Science Daily : ” Carbon Bubble Coming Could Wipe Out Trillions from the Global Economy”

Jay OwenGreen Prosperity, Reforming Global Finance, Sustainability News

“Ethical Markets research in our Green Transition Scoreboard® 2018 confirms this latest report on the size of the stranded fossil assets under threat, following the pioneer work of researchers at Carbon Tracker and 2 Degree Investing.  We have been warning institutional investors of these risks  since the UN Climate Summit in Copenhagen in 2009, with every annual update of our GTS. This reported on the annual private investments in green sectors worldwide  and found over $1 trillion every year, including our cumulative 2018 total of $9.3 trillion. We also  advised shifting at least 10% of their assets to  renewable sectors that we covered, along with Mercer that recommended up to 40% shifts. This shifting has proved superior to  divesting, since asset managers did not have all the green company opportunities in their algorithms and so would likely continue to  follow these obsolete formulae.

 

Instead we threw asset managers a bone: strategic short-term advice to unpack their algos and see if their fossil assets were labeled as “fuel“, where they would be devalued as unusable in climate scenarios.  Instead we suggested that with the stroke of a pen, they could re-label fossil reserves as “feedstocks” to be kept in the ground for future uses in plastics, cement, etc. see “Assessing Risks of Fossil Reserves: Are They Fuel or Feedstocks”?  This would also  prevent burning these valuable reserves and we now see carbon being re-categorized as a resource, see our  GTS 2018: “CAPTURING CO2 WHILE IMPROVING HUMAN NUTRITION AND HEALTH”  listing many start-ups in CO2 capture and use.

~Hazel Henderson, Editor“

‘Carbon bubble’ coming that could wipe trillions from the global economy

Demand for fossil fuels will decline in the near future with major macroeconomic and geopolitical consequences

Date:
June 4, 2018
Source:
Radboud University Nijmegen
Summary:
Unlike current expectations, new research suggests that the prospects of the fossil-fuel industry are not bright, and that its demise may have profound economic and geopolitical consequences. Relying on ground breaking modelling techniques, researchers show that the consumption of fossil fuels will slow down or decline in the near future, as a result of ongoing technological change, potentially exacerbated by new climate policies.

 

New research shows that the demise of the fossil-fuel industry has profound economic and geopolitical consequences. Relying on ground breaking modelling techniques, researchers from Radboud University, the University of Cambridge (C-EENRG), Cambridge Econometrics, The Open University (UK) and the University of Macau show that the consumption of fossil fuels will slow down or decline in the near future, as a result of ongoing technological change, potentially exacerbated by new climate policies.

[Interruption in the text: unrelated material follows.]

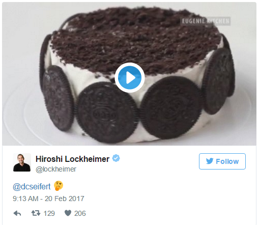 Theo Android Authority, Hiroshi mới đây đã đăng tải bức ảnh GIF lên Twitter với hình ảnh một chiếc bánh kem, xung quanh đính phần mặt của bánh Oreo, bề mặt phía trên cũng là mặt bánh Oreo nhưng đã được xay nhuyễn.

This transition will result in clear winners, importers such as China and the EU, and losers, exporters such as Russia, the USA or Canada, which could see their fossil-fuel industries nearly shut down. If these countries keep up their investment and production levels despite declining demand, the global wealth loss could be huge: 1-4 trillion dollars, a loss comparable to that which triggered the financial crisis in 2007. Even the USA could not pull out from the transition, as it would only hurt itself even more. Global climate policy is therefore no longer a ‘prisoner’s dilemma’ game. These findings by researchers from Radboud University, the University of Cambridge (C-EENRG), Cambridge Econometrics, The Open University (UK) and the University of Macau are published in Nature Climate Change.